Beginning with the line below that contains "12月5日(木)に鏡町に在住" and ending with the line that contains "Este simples e", retype every line exactly. Pictures are not copied.

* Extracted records
= Beginning of Section =

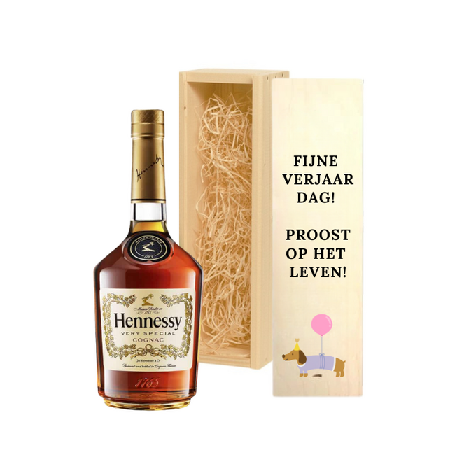 In de kist bevindt zich een fles Hennessy Cognac, een van de meest toonaangevende namen binnen de wereld van premium cognac. Hennessy staat bekend om zijn rijke erfgoed, vakmanschap en karakteristieke smaakprofiel. Daarmee vormt deze kist een stijlvol en tijdloos cadeau voor familie, vrienden, collega’s of iemand die een bijzondere verjaardag viert.
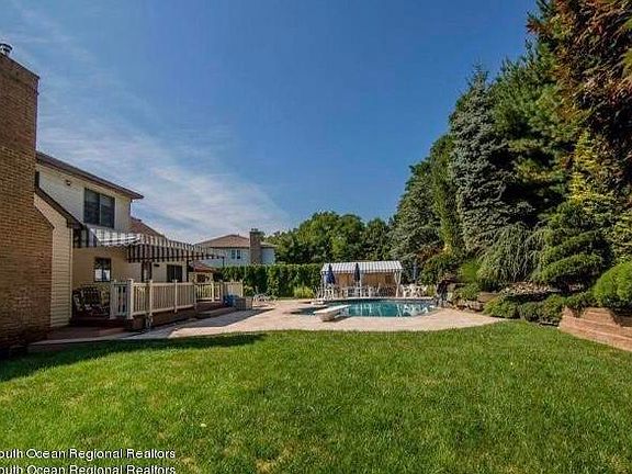 SUMMER RENTAL June 20th through September 1st 2019.Enjoy your summer in one of Eatontown's finest homes. Beautifully landscaped, almost half an acre with a pool, waterfall, music system and pool house equipped with a full kitchen and full bathroom. Extra large 2 car garage with a roundabout driveway.Enter through the 2 story foyer, you will be delighted to see a formal dining room, family room, Brand new updated kitchen with all high end appliances, living room with fire place, built ins and more. This home features 5 large bedrooms and 4 full bathrooms. Large Master bedroom with huge walk in closet and bathroom with a jacuzzi hot tub. Enormous full basment with a bonus room, game room and office.Come live in luxury this summer
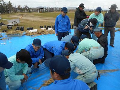 12月5日(木)に鏡町に在住の黒木直志様を講師にお招きして、農業科2・3年生13人がしめ縄作りを行いました。2年生は初めてのしめ縄作りでしたが、講師の方に手伝ってもらったり、先輩と協力したりしながら楽しく取り組むことができました。3年生は2回目の製作でした。作業を進めながら徐々に去年のことを思い出してきたようで、手際よく製作することができました。形を整えたり、飾りを付けたりしていくとどんどん豪華になっていき、実際に飾ることを想像しながら作り上げていくことができました。学校用のしめ縄作りでは、3m程のしめ縄を作りました。みんなでボサボサとはみ出している藁を切ったり、バランスを整えたりしました。しめ縄作りを通して日本の風習や意味などを知ることができました。自分たちで製作したしめ縄を玄関に飾り、よいお正月にしてもらいたいと思います。
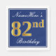 Este simples e elegante design de guardanapo de papel apresenta uma mensagem como "NameHere's 82nd Birthday" (com o "82º" a ter uma coloração falsa em ouro) dentro de uma área quadrada de cor azul com um contorno de fronteira simples. O nome está em texto semelhante a script de cor branca e pode ser personalizado. Napkins como estes poderia talvez ser usado numa festa de aniversário para alguém que comemora seu oitenta e segundo aniversário. [~Z0000141]
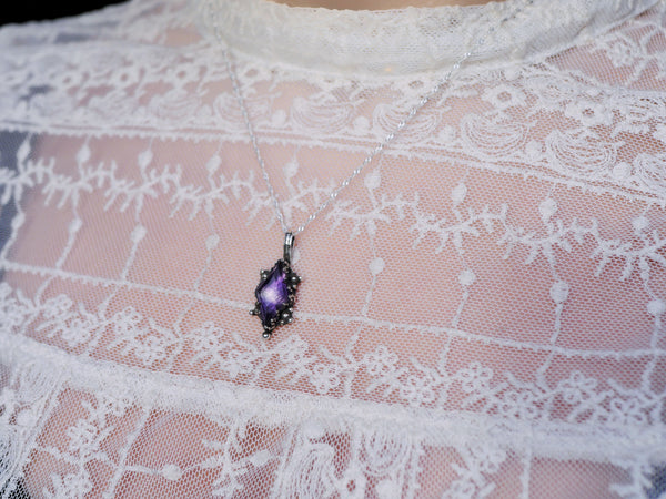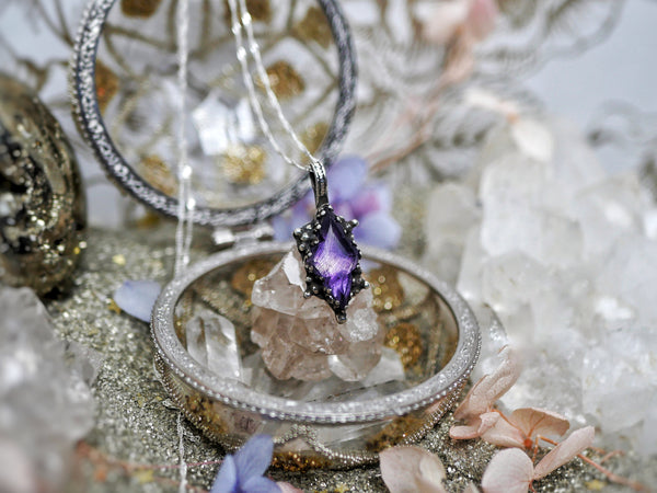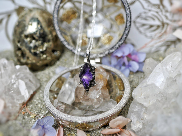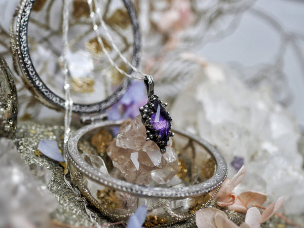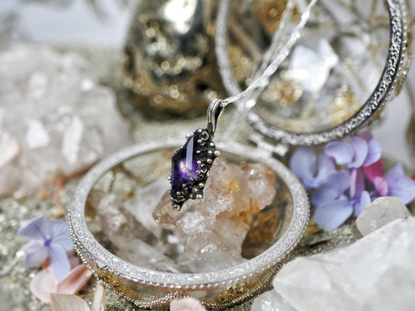 Cet élégant et discret collier est composé d'une améthyste taillée en forme d'étincelle, retenue par son serti clos. Le pendentif est monté sur une fine chaîne (45 cm), en argent 925. Ce bijou est issu de la Collection Céleste, inspirée par le ciel, les étoiles, les cycles et tout ce qui nous relie à quelque chose de plus grand que nous.
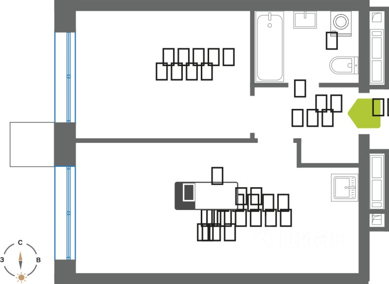 Продаётся 1-комнатная квартира в строящемся доме (Секция Нова), срок сдачи: II-кв. 2028, общей площадью 39.2 кв.м., на 22 этаже.

= End of Section =

* TASK RESPONSE
 12月5日(木)に鏡町に在住の黒木直志様を講師にお招きして、農業科2・3年生13人がしめ縄作りを行いました。2年生は初めてのしめ縄作りでしたが、講師の方に手伝ってもらったり、先輩と協力したりしながら楽しく取り組むことができました。3年生は2回目の製作でした。作業を進めながら徐々に去年のことを思い出してきたようで、手際よく製作することができました。形を整えたり、飾りを付けたりしていくとどんどん豪華になっていき、実際に飾ることを想像しながら作り上げていくことができました。学校用のしめ縄作りでは、3m程のしめ縄を作りました。みんなでボサボサとはみ出している藁を切ったり、バランスを整えたりしました。しめ縄作りを通して日本の風習や意味などを知ることができました。自分たちで製作したしめ縄を玄関に飾り、よいお正月にしてもらいたいと思います。
 Este simples e elegante design de guardanapo de papel apresenta uma mensagem como "NameHere's 82nd Birthday" (com o "82º" a ter uma coloração falsa em ouro) dentro de uma área quadrada de cor azul com um contorno de fronteira simples. O nome está em texto semelhante a script de cor branca e pode ser personalizado. Napkins como estes poderia talvez ser usado numa festa de aniversário para alguém que comemora seu oitenta e segundo aniversário. [~Z0000141]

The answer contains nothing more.